The GP opines that the Jobsian "he'll choose what's right for you" model is,
as you quoted, right for most people most of the time. I would say that is
absolutely not correct, and the iPhone has succeeded despite that model, not
because of it: Great integration, software, and branding has overcome an
incredible lack of diversity and choice.

It isn't a good long-term strategy though.

------
acqq
_750MB download on the HD version, people are still buying it. "We're number 1
with the HD version, and the SD version is down like in the 30s or something,"
said Carmack. "This is going to influence our thinking going forward -- if
it's that big of a difference, we probably won't offer the low-end, standard
def version."_

Everybody is taking the HD version even when the difference is hardly
noticeable except that the memory warnings appear (iPhone 3GS)(!) I guess
these customers didn't know about that aspect.
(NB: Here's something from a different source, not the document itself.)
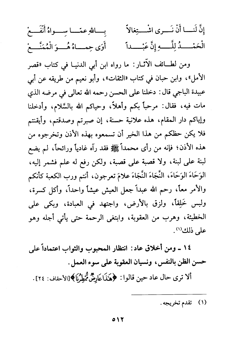 14 - ومن أخلاق عاد: انتظار المحبوب والثواب اعتماداً على حسن الظن بالنفس، ونسيان العقوبة على سوء العمل.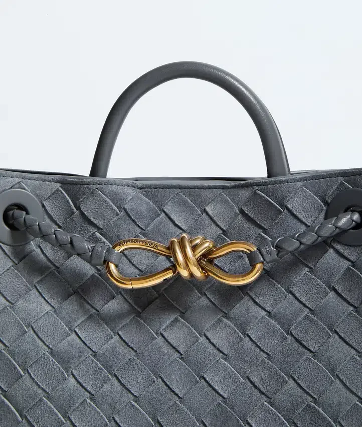 Descripción larga compactada:Bolso de mano en ante Intrecciato flexible con efecto denim, con el característico detalle del nudo y correa cruzada deslizante.

I believe it was a wrong
marketing decision if 3GS people didn't get the information that HD performs
worse (I'd name the versions "Rage for 3GS" and "Rage HD" whereas the current
names are "RAGE for iPhone, iPod..." and "RAGE HD for iPhone 3GS, iPhone
4..."). Of course if people can select "nothing" or "HD" version they'll take
HD (give me more!) the question is if they are going to be satisfied with the
trade-offs.

------
yread
Why does he sell it so cheap? Couldn't he easily charge 5$ or more?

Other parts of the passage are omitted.